December 13 — MALAYSIA will proceed with the long-delayed high-speed rail (HSR) project, but with the track ending in Johor, and Singapore out of the picture, said a source.
The source said Malaysia would pay its neighbour RM300 million in compensation.
Construction is expected to start in 2022.
The cabinet decided on Friday that Malaysia would not work with the city state on the project as contracted in December 2016.
The project was put on ice in 2018 after Pakatan Harapan won the general elections. The new government had asked for and received a deferral of two years from Singapore, paying S$15 million (RM45 million) for the favour.
In May, Perikatan Nasional, which ousted the PH government mid-term, asked for yet more time to allow further discussion.
Singapore acquiesced to a final extension, until December 31.
Now, about two weeks before the deadline, Malaysia has decided to go it alone.
“Malaysia will need to compensate Singapore with a payment of S$104.67 million. It must be paid by December 31,” the source said.
The sum is less than half of the S$250 million quoted recently by Free Malaysia Today as the price to scrap the deal inked with Singapore.
Solo, Malaysia expects to pay around RM65 billion for the HSR, excluding the trains, said the source.
The HSR main terminal will be in Bandar Malaysia in the capital city.

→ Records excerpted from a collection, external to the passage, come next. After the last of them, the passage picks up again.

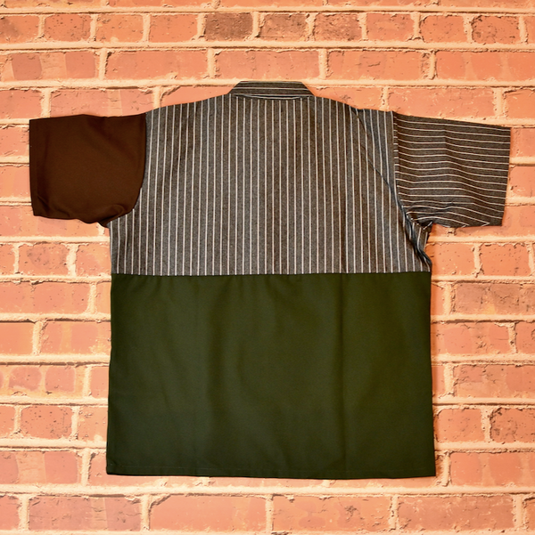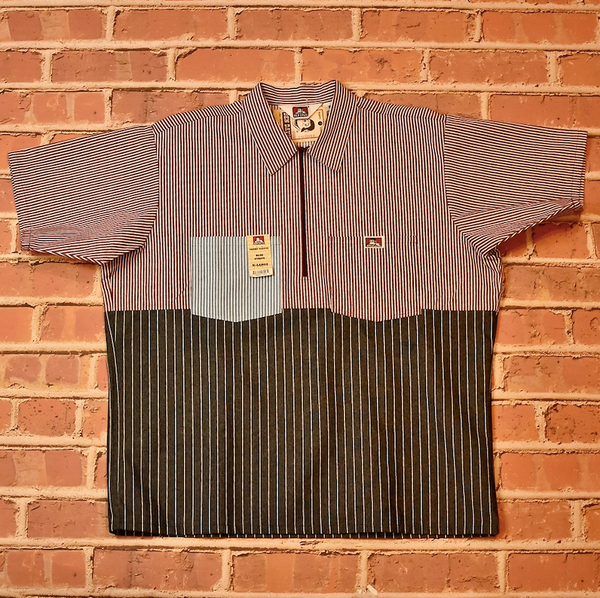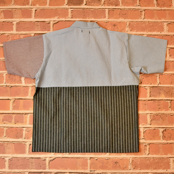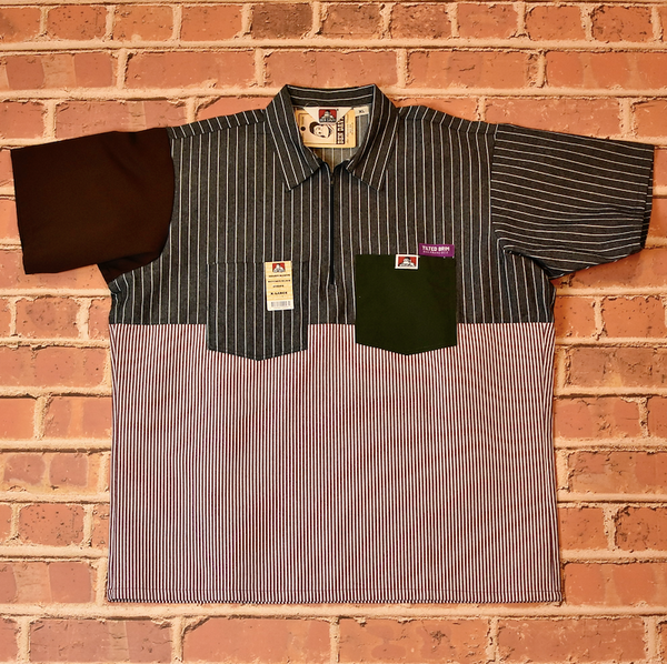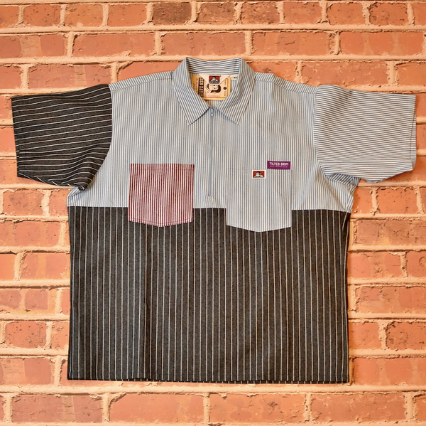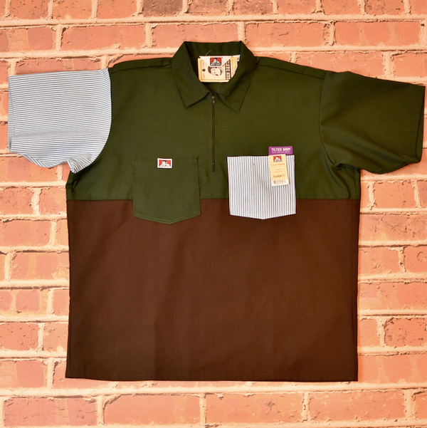 Triple Label collaboration from Ben Davis, Tilted Brim, and Holy Stitch. Time-tested SF workwear silhouettes re-imagined in a color blocked construction.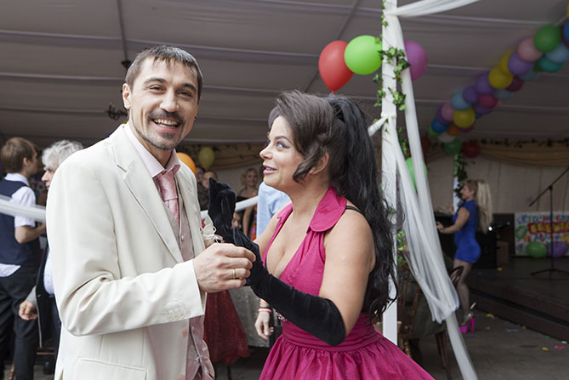 Певица Наташа Королева органично вписалась в атмосферу 90-х, она исполнила свою композицию "Синие лебеди", поздравила молодых и крикнула: "Горько!"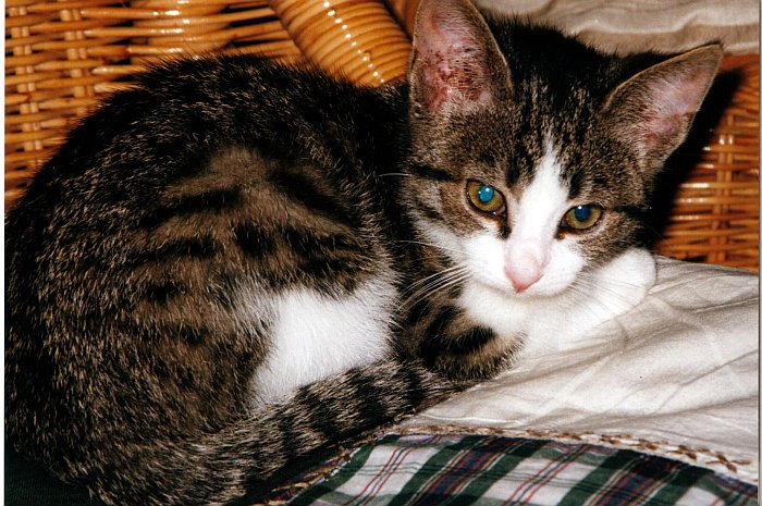 Dne 27. 6. roku 2013 jsem se s maminkou vydala do nedalekého útulku. Byly jsme tam už před pár měsíci, ale to jen na obhlídku. Kočičky tam měli krásné, bohužel některé s vážným handicapem, díky kterému si je nemohl vzít jen tak někdo, kdo jejich potřebám ještě moc dobře nerozumí. Celou cestu jsem přemýšlela nad tím, jakou kočičku si domů vlastně přivedeme. Jakou bude mít barvu? Jaké bude povahy? Bude mě mít ráda, nebo se nás bude bát? To se člověk nikdy dopředu nedozví, což mě trochu děsilo. Uvažovala jsem nejspíš tak hluboce, až jsem si skoro neuvědomila, že stojíme před hlavní, rozsáhlou budovou, kde se zároveň nacházela veterinární klinika. Vešly jsme, a pak už to šlo ráz na ráz. Najednou jsem stále před jednou asi ze třiceti klecí a koukala na malé, hravé, mourované koťátko. Dostalo mě nejen na svoji energickou povahu, ale taky na krásné, modré oči, které z těch větších koťátek mělo jako jediné. Chtěla jsem si ho pohladit a on okamžitě přiběhl, začal mňoukat a otírat se o mříže. Když jsem rukou pohnula, šel za ní a několikrát do mě pacičkami strčil. Okamžitě jsem si byla svým výběrem jistá. Dala jsem šanci i ostatním, ale tohle zlatíčko jsem zkrátka nedokázala opustit. Už tenkrát se mi vryl do srdce i do paměti. Paní, která nám s výběrem pomáhala, neměla nic proti a o chlupatém klubíčku uvnitř klece nám začala s chutí vyprávět. Říkala, že jej lidé našli poraněného na ulici, že měl poraněnou tlapku (nemohl s ní hýbat) a nejspíš jej přejelo, nebo srazilo auto. Také zdůraznila, že napřed nebylo vůbec jasné, jestli mu tu tlapičku vůbec zachrání, musel pravidelně užívat antibiotika a moc tlapku nepřetěžovat. Já jsem však viděla v jeho planoucích očkách bojovnost, rebelství a šibalství. I přes docela vážné zranění se nebál a věřil nám. Paní mi jej dala do náruče a kocourek se ke mně okamžitě přitiskl. Věděla jsem, že je to ten pravý. Maminka zaplatila 400 KČ za pomoc při výběru a zároveň jako drobnou podporu záchranné stanice. Po cestě domů jsme malinkého kocourka pojmenovaly Matýsek. Padala různá jména, ale tohle bylo ze všech nejlepší. Doma se velice rychle zabydlel, byl učenlivý a všechno pochopil hned napoprvé.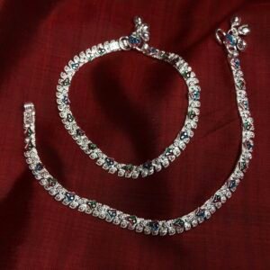 - Let tiny feet sparkle with this adorable silver kids’ Meena payel, crafted with love and a hint of playful color. Accented with traditional Meenakari enamel work, it blends subtle elegance with a burst of vibrancy—perfect for daily wear or festive frolic.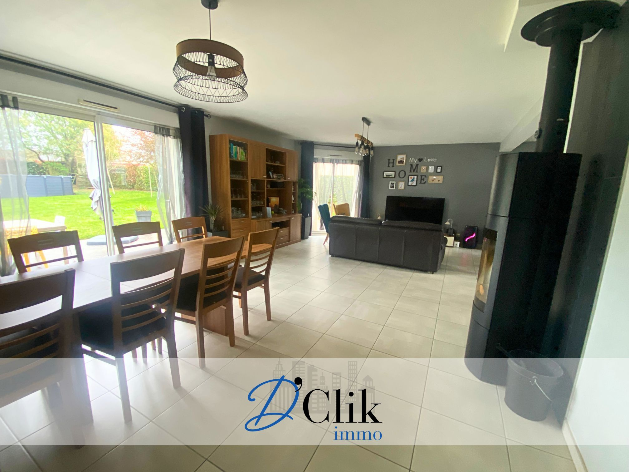 Double garage avec porte sectionnelle motorisée. Piscine hors sol chauffée. Panneaux photovoltaïques.
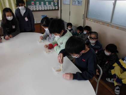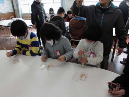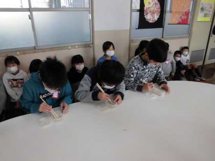 生活委員会の児童が計画して開いてくれた豆つまみ大会に参加しました。30秒間に,お箸を使ってどれだけの多くの豆を移動することができるかにチャレンジしました。3年生は楽しんで参加していました。

Iskandar Puteri, Ayer Itam, Pagoh, Ayer Keroh and Seremban will each house a station.
The source said Malaysia had asked to build a HSR station at the Senai International Airport, near Johor Baru, which Singapore had perceived as a threat to its aviation industry.
Singapore rejected the request, said the source, but Malaysia should be entitled to decide where to build the stations .
The cabinet also decided to let the Transport Ministry have oversight over the HSR project, taking over from Minister in the Prime Minister’s Department Mustapa Mohamed.
The 350km rail system linking KL to Johor Baru will cut overland travel time between the two cities to 90 minutes.
It was to have crossed the Johor Straits into Singapore via a bridge near the Second Link.
The new targeted completion date is 2029 while the number of expected passengers has been revised downwards to 4.2 million.
It was previously projected that 8.4 million people would take the HSR in 2031. By 2041, the rail line is expected to serve 17.7 million passengers.
The HSR is envisioned as part of the Pan-Asia Railway that departs from Kunming, China.
It will eventually connect to Thailand where it will become part of the larger Trans-Asian Railway that connects the Far East to Europe.